We expect to see these factors become increasingly prevalent during 2010.
Are we seeing current smart order routers scale to meet the introduction of new trading venues and order types?
Scaling is an important issue for an application where real-time performance is vital, especially when more calculation intensity (statistical analysis) is being demanded at the same time as also new venues are being added – more data to watch, more complex decisions to be made. The optimization and performance tuning of router algorithms is therefore getting a lot of attention at present, and of course hardware power is also being thrown at the problem.

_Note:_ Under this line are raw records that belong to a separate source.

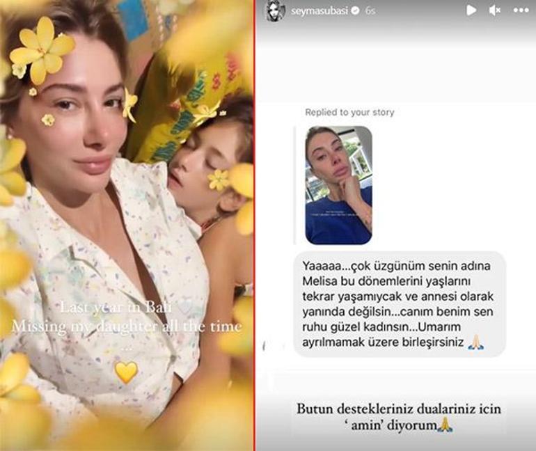 Tüm bunların ardından 32 yaşındaki Şeyma Subaşı, 2013 yılında kucağına aldığı kızı Melisa ile ilgili yaptığı paylaşımlarla adından söz ettirdi. Kızının kendisine sarılıp uyuduğu bir videoyu 3 milyon takipçisi bulunan Instagram hesabının hikayeler bölümünden yayınlayan Subaşı, "Geçen sene Bali... Kızımı her zaman çok özlüyorum" diye yazdı.
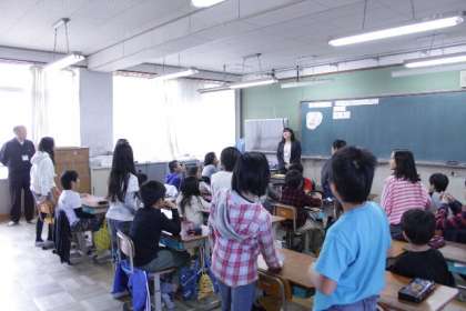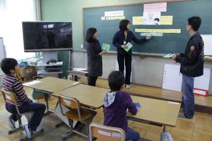 4年生では外国人教育をテーマに、他の国の文化のよさをみとめ互いに尊重しようとする心を育てようと「日本ととなりの国」という道徳の授業を行いました。
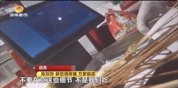 该工作人员的行为不仅与门店宣称的"鲜货不隔夜"背道而驰,还将早已解冻的肉串又重新收回冰柜冷藏。
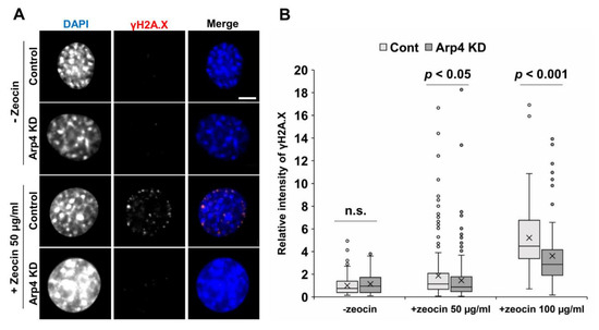 The effect of Arp4-KD in DNA double-strand break repair. Control siRNA (control or cont) or siArp4-1 (Arp4 KD) was introduced into NIH3T3 cells, and cells were incubated for 24 h. The cells were, then, treated with zeocin (50 or 100 µg/mL) for 1 h and subjected to γH2A.X staining a specific antibody and DAPI staining. The cells were observed under a fluorescent microscope (A), and the relative fluorescence intensity of γH2A.X to that of DAPI was determined using Fiji image analysis software (B). Box plot, the signal intensity of γH2A.X relative to that of DAPI and n > 88.
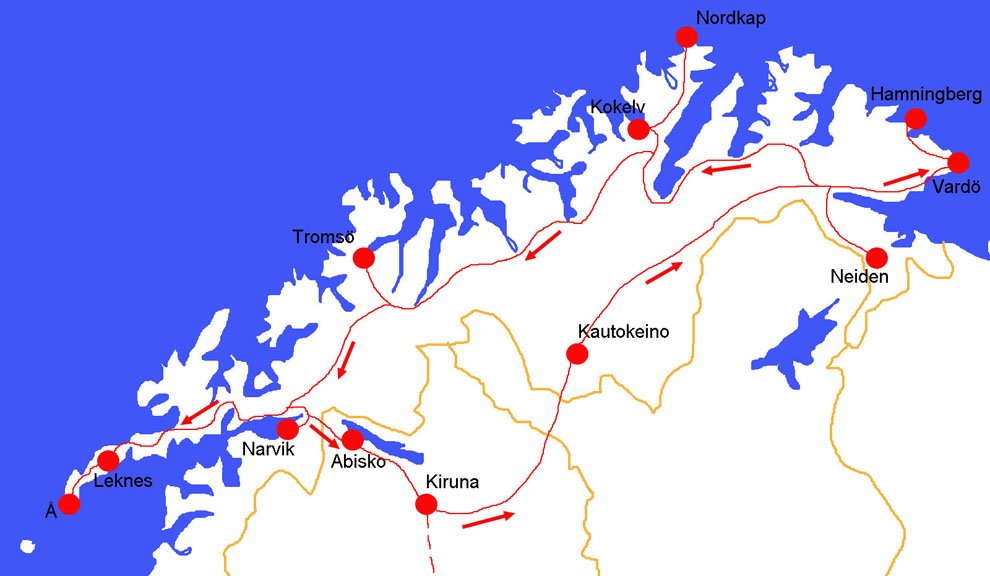 Resan startade med flyg till Kiruna från Ronneby. Med hyrbil reste vi dagen därpå via Vittangi och Karesuando till Kautokeino. Efter övernattning kom vi via Karasjokk till Vardö där vi bodde en vecka. Dagarna användes till utflykter på Varangerhalvön och till Neiden nära Kirkenes. Efter två nätter i Kokelv med besök på Nordkap fortsatte vi till Tromsö. Här levde vi lite stadsliv med konsert i kyrkan och besök på Tromsö museum. Vi använde också gott om tid vid Prestavannet, en liten sjö som hyser smålommar och tärnor helt nära bebyggelsen. Nästa etapp på resan var Lofoten med tre övernattningar. Avslutningsvis bodde vi fyra nätter i Katterjokk med två besök i Abisko. Den 10 juli lämnade vi tillbaka hyrbilen och återvände hem med flyg. |

Arguably this problem is approaching a peak as the number of public-book trading venues for most stocks still continues to increase, whereas expectations are that we will subsequently see some degree of consolidation among the MTFs (though experience in the US perhaps indicates otherwise). The need to sweep more dark pools will also keep the pressure on.
The issues of handling heterogeneous order types, tick sizes and so on already appear to be becoming less problematic as new venues are added, because the MTFs have adopted reasonably uniform approaches on these topics.

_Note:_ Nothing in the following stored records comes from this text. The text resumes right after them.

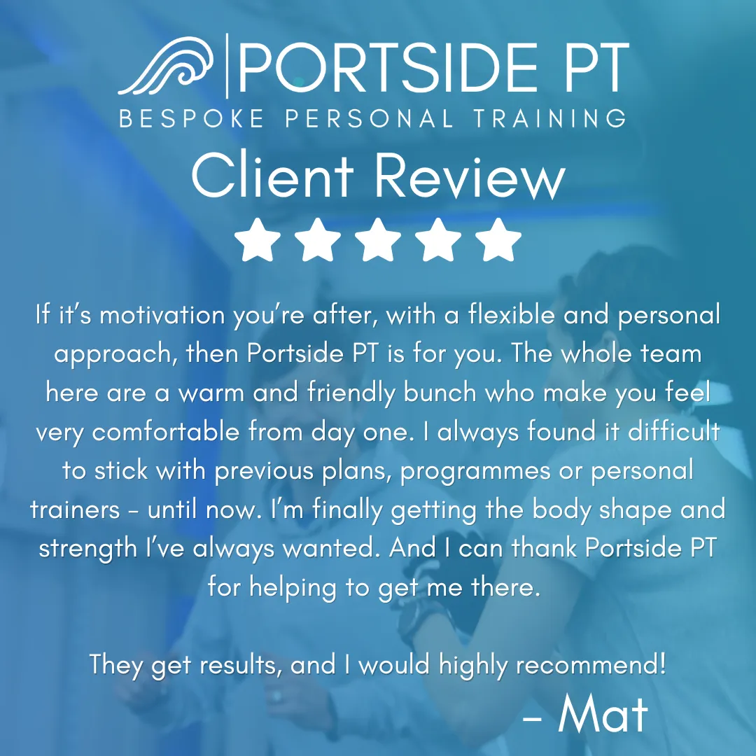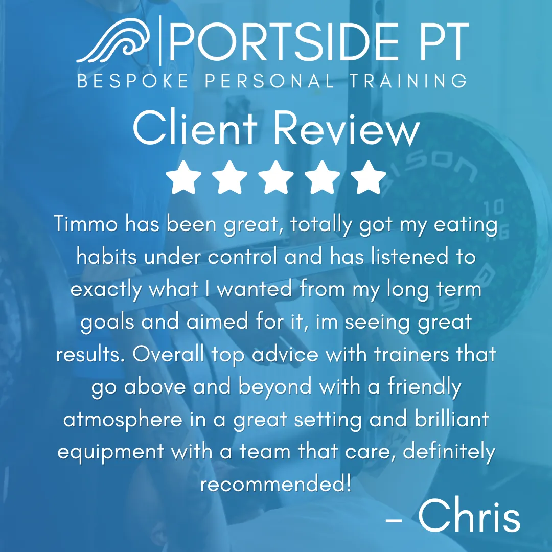 As soon as you register for your free session and health assessment (by filling the form on this page) we will also send you a copy of the Portside Recipe Pack & Nutrition Guide. You can keep and use this for free, even if you decide not to join us as a client later.
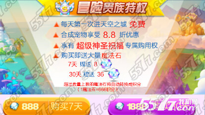 2、冒险贵族特权购买7天价格是388钻石,购买30天价格是1280钻石。
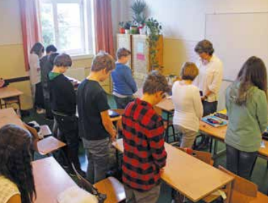 Az egyik ilyen rendszer, hogy az első órát imádsággal kezdjük. Ez persze nem olyan könnyű, mint gondolnánk, hiszen a nyolcadikosok, főleg a fúk, gyakran esnek be éhesen az első órára, és a kialakult áhítatos csendben nehéz nem a szendvicsre gondolni; aztán majd mindjárt megkérdezi valaki, hogy megeheti-e, és nagyon reméli, hogy a tanárnő megengedi, amilyen könnyen rávehető ilyesmire.
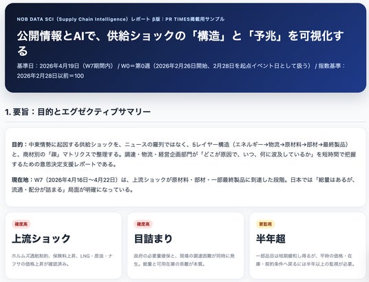データ分析・AI技術を活用して企業課題の解決を支援するNOB DATA株式会社(本社:福岡県福岡市博多区、代表取締役:大城 信晃)は、公開情報とAIを活用して、日本およびグローバルの物流状況を把握・整理する「NOB DATA SCI(Supply Chain Intelligence)レポート(β版)」の提供を開始しました。

Is there an average lag time between the introduction of venues and order types before they’re incorporated into smart order routers? Is that time period shrinking?
There is by definition a time lag between the introduction of venues and their availability for trading via a smart router. Clearly, the specifics of the new venue – order types supported, etc. – have to be handled, and testing has to be carried out. Routing algorithms may need to be adapted, particularly If the venue offers new instrument coverage or onward routing, or there are peculiarities in the commercial offer.
As mentioned earlier, the fact that MTFs tend to follow fairly standardized approaches in many areas, meaning that new introductions are becoming progressively easier to handle, so time lags are shrinking. Lags can also be reduced where specifications are available well ahead of start dates, and also where introduction of instruments is phased, as is usually the case.
Current initiatives should contribute further to the trend of market simplification: for example, the common-symbology initiative being driven by several MTFs removes the need for smart routers to manage some “trans-coding” features.
How can smart order routing co-exist with low-latency execution? How much latency are smart order routers adding a trade execution?
The low-latency objective is of course the reason why the scaling and performance issues discussed above are so important: Smart routers have to be as fast as they are smart: otherwise their decisions, based on real-time prices, will be useless. Most routers therefore aim at sub-millisecond latency, and this can be achieved where algorithms are not too real-time intensive. Clearly there is a trade-off between speed and complexity, with tuned algorithms and faster hardware deployed to maximize latency as far as possible.